== Provided records ==

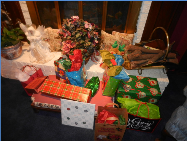
Prime Timers putting bait out for Santa Clause. Tulsa members had a great time exchanging gifts then left poor Santa stuck in the chimney.
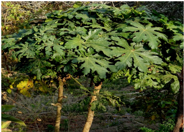
Trevesia palmata (Kawhtebel)
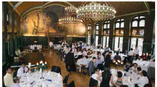
Dinner at Restaurant "Safran Zunft" with Endress+Hauser customers

Best places for shopping are the shopping malls Stücki and the St. Jakob-Park in Basel. Many jewelry and watch stores can be found at the shopping street Freie Strasse in Basel.
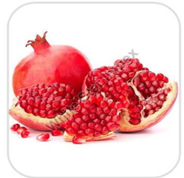
Fresh Natural Pomegranate
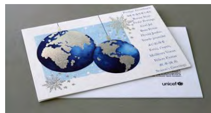
Japan Committee for UNICEF Christmas cards

One of Hitachi Chemical's social contribution efforts since 2007 has been the bulk purchase of holiday greeting cards sold by the Japan Committee for UNICEF (United Nations Children's Fund). This project replaced the previous practice of having each division place separate orders to different companies. Approximately 50% of the purchasing price of these cards is used to fund UNICEF activities that effectively support the future of children in more than 150 countries.
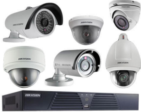
Surveillance CCTV Systems
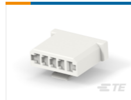
TE Part # 880192-1 5W FASTIN-ON REC. H
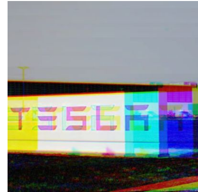
WHITE WORKER, ON MUSLIM TEMP WORKERS AT GIGAFACTORY 2
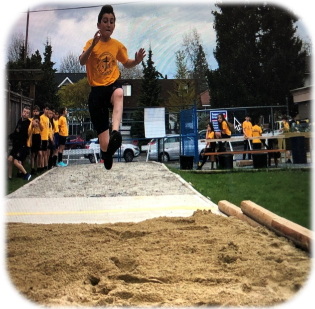
Children enjoying our grass field playground
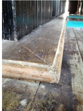
Fig. 1: Image of bendul wooden frame

and served to separate the different portions of the house such as the veranda, the main house, the passage way and the kitchen (Wan & Abdul, 2011).
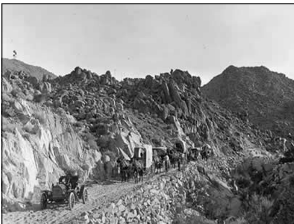
An old road in San Diego County.

With the establishment of the post office, this place, known in mission and rancho days as Mesa del Arroz and Valle de las Viejas, became officially "Alpine." the airy new name, coinciding with a tuberculosis epidemic, drew patients from near and far. "Best Climate in the U.S.A. by Government Report." Picking a marketable name like "Alpine" was a great idea! ■
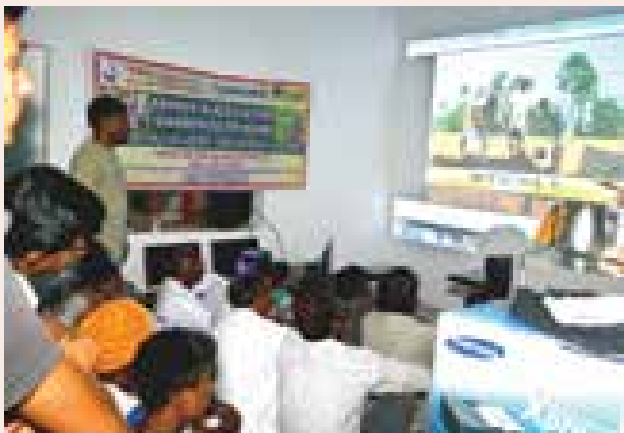
Farmer and Agriculture Awareness Program in Kishangarh Tahsil, Ajmer (Rajasthan)

The objective is to create awareness about Govt. Policies for farmers, welfare measures announced from time to time, newer trends in agricultural reforms, weather forecasts, Implementation of Kisaan Beema, etc., use of computers and Internet, and encouraging the farmers for Saving Habits, etc among farmers of villages in Kishangarh Tahsil of District Ajmer, Rajasthan.
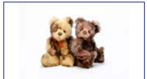
182. Two Charlie Bears: Tiff Toff -16 1/2in. (42cm.) high; and Ashley with tags and a Charlie Bears linen bag £40-60
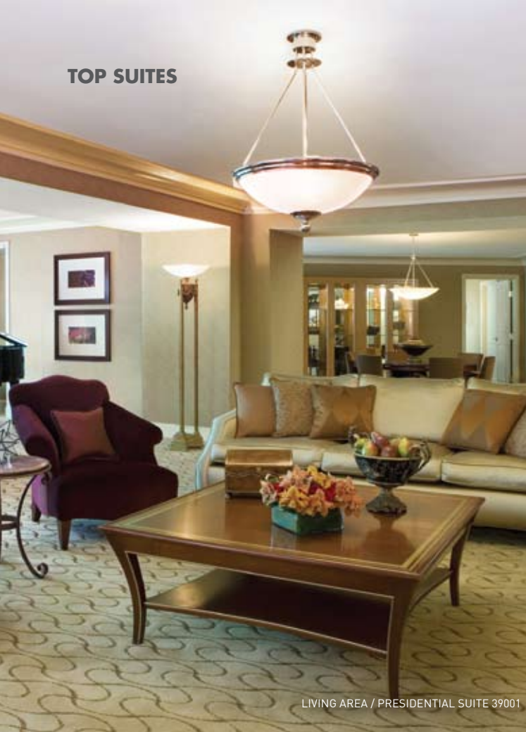
LIVING AREA / PRESIDENTIAL SUITE 39001
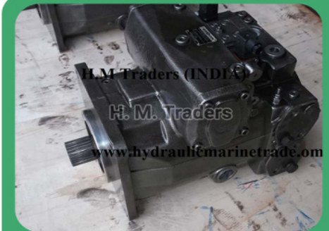
Rexroth Hydraulic Pump
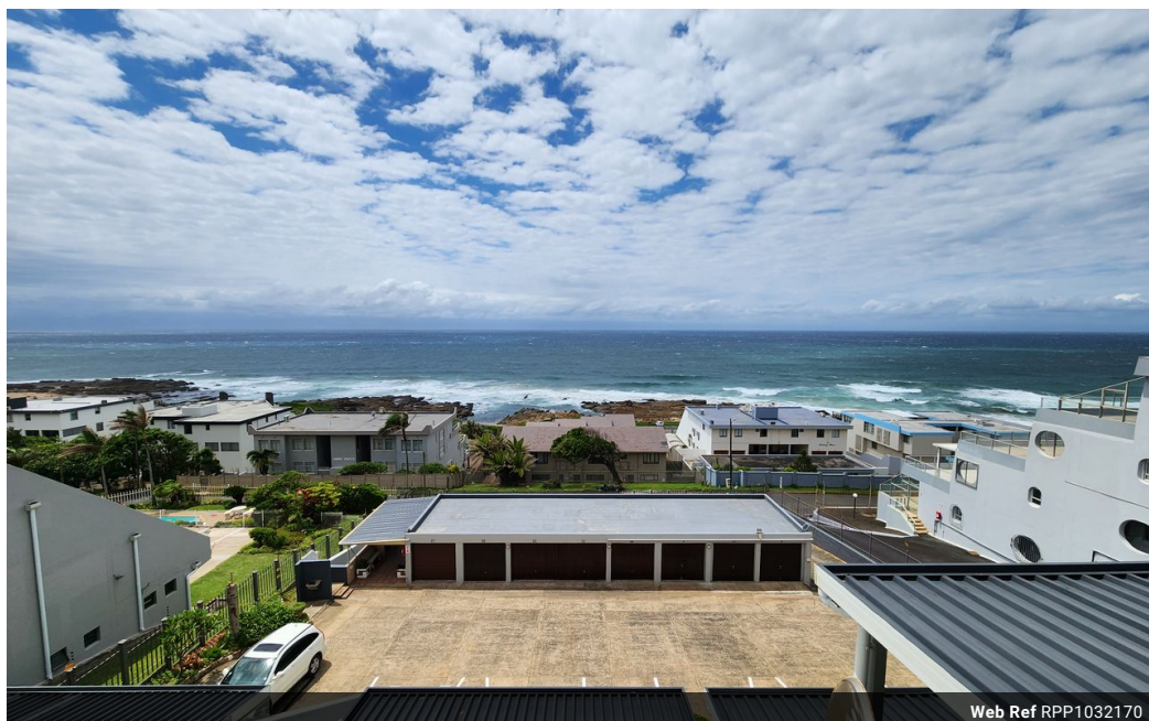
Web Ref RPP1032170
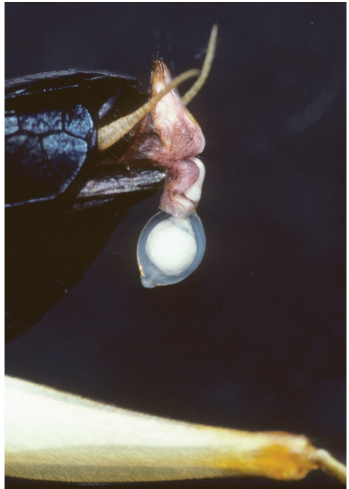
Fig. 5. Extruded macrospematophore in male's genitalia.
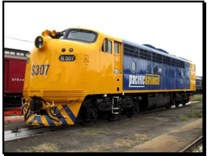
A16C S class
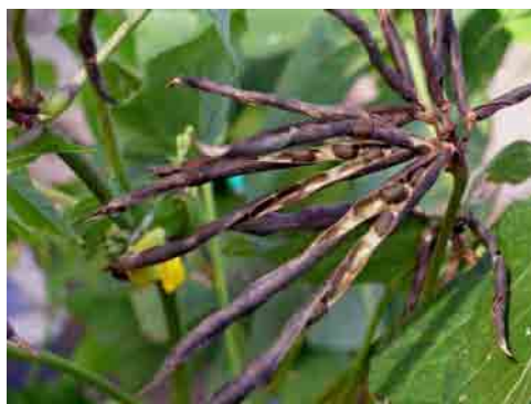
Fig. 33. Shattered pods
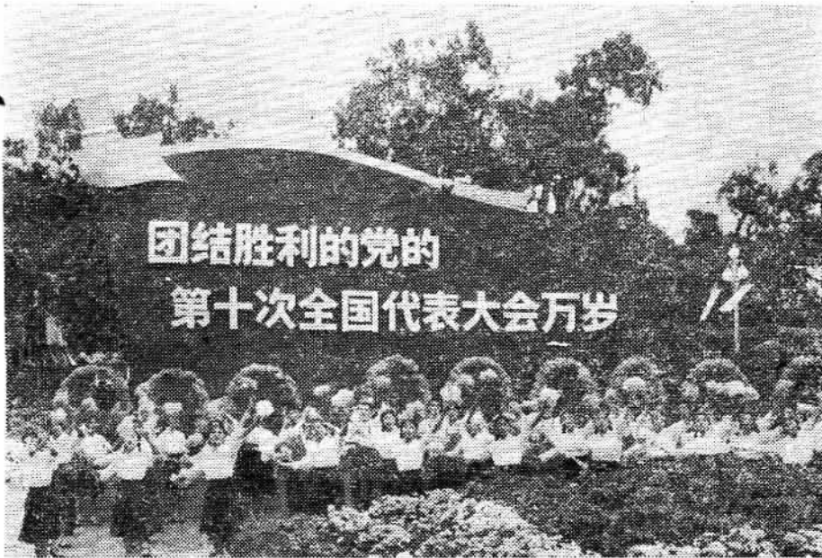
National Day holiday-makers in Peking hail the Tenth National Congress of the Chinese Communist Party.

The gala celebrations demonstrated the monolithic unity of the Chinese people of all nationalities under the leadership of the Party Central Committee headed by Chairman Mao. Taking part in the capital's garden parties were representatives of workers and commune members
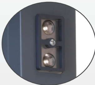
Easy to operate control panel
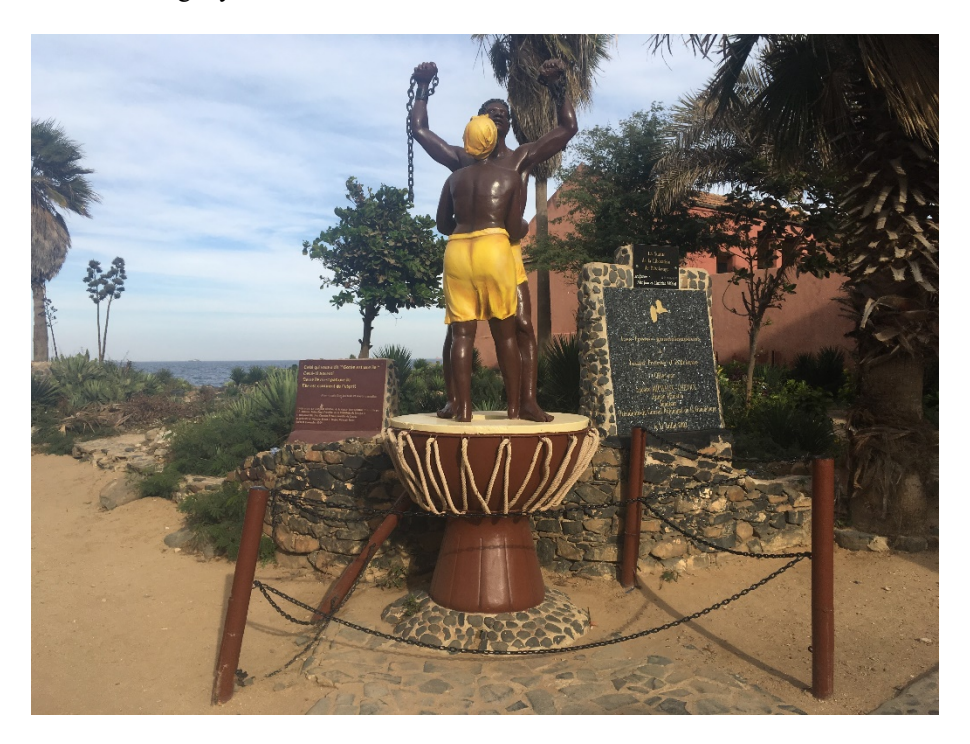
Image 4. Sculpture depicting freed slaves on Gorée Island outside Dakar, Senegal, which served as an important node in the transatlantic slave trade. The island has frequently changed hands, being owned at different times by the French, the British, the Portuguese and the Dutch.

and that the level of development in the West could only be sustained through the persistence of underdevelopment in the periphery (Ellison and Pino, 2012: 45-46). In other words, development was seen as retarded by exogenous factors such as unfavourable trade terms and exploitation. Still, dependency theorists did not write much about crime (Cohen 1988). Ellison and Pino (2012) criticize dependency theory mainly for the solutions its proponents propagated: that countries in the Global South should 'delink' from the global economy. Yet, they argue that the analyses and critique of the 'dependentistas' are still very valuable for understanding the global diffusion of crime policies today, and they develop their analytical framework along similar but slightly modified lines.
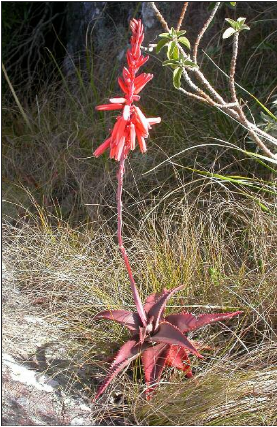
Figure 7. Aloe madecassa is endemic to the Antananarivo region in east-central Madagascar and is here assessed as Vulnerable.
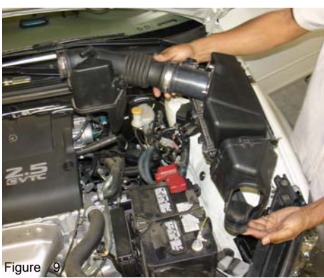
Once the clamps and bolts have been loosened, continue to remove the stock air intake box and air intake duct from the engine compartment,
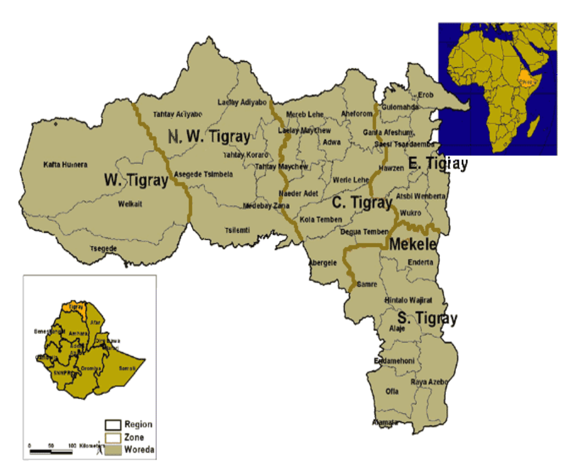
Figure 1. Map of Tigray regional state of Ethiopia. The site is located in Central Tigray.
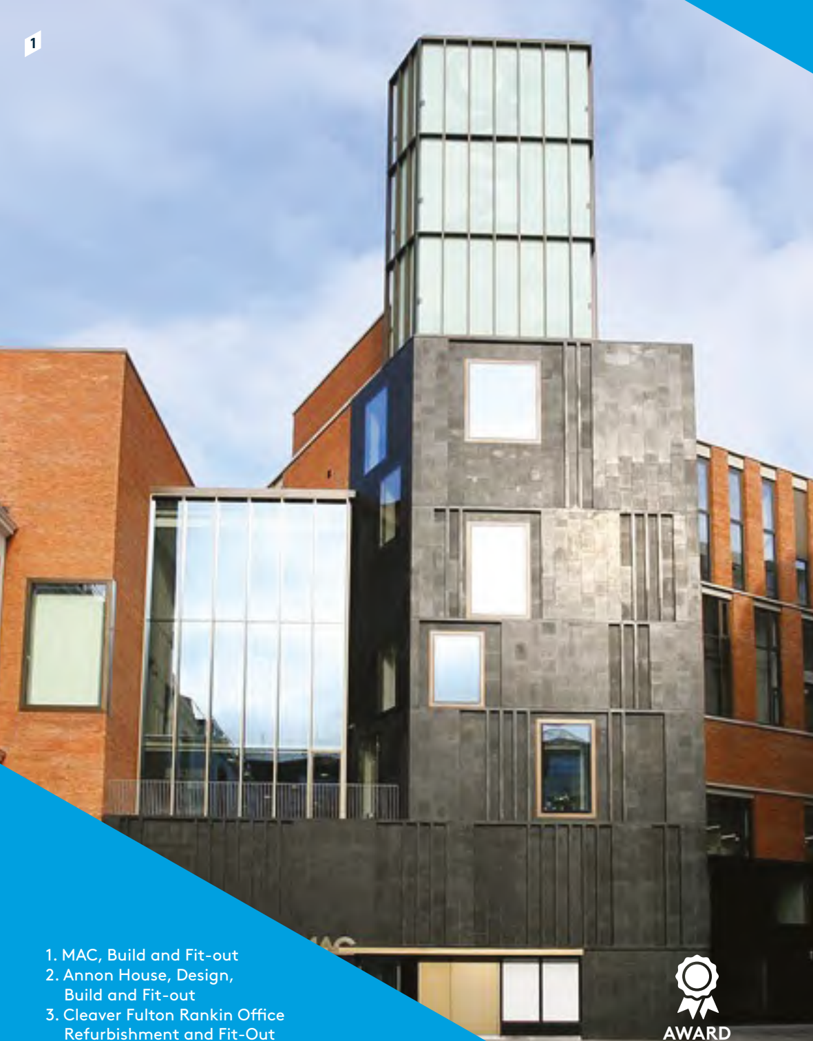
1. MAC, Build and Fit-out 2. Annon House, Design, Build and Fit-out 3. Cleaver Fulton Rankin Office Refurbishment and Fit-Out

===

Activity:
Without the pictures, give again exactly the lines above starting at the line containing "National Day holiday-makers" and ending at the line containing "Image 4. Sculpture".

Answer box:
National Day holiday-makers in Peking hail the Tenth National Congress of the Chinese Communist Party.

The gala celebrations demonstrated the monolithic unity of the Chinese people of all nationalities under the leadership of the Party Central Committee headed by Chairman Mao. Taking part in the capital's garden parties were representatives of workers and commune members
Easy to operate control panel
Image 4. Sculpture depicting freed slaves on Gorée Island outside Dakar, Senegal, which served as an important node in the transatlantic slave trade. The island has frequently changed hands, being owned at different times by the French, the British, the Portuguese and the Dutch.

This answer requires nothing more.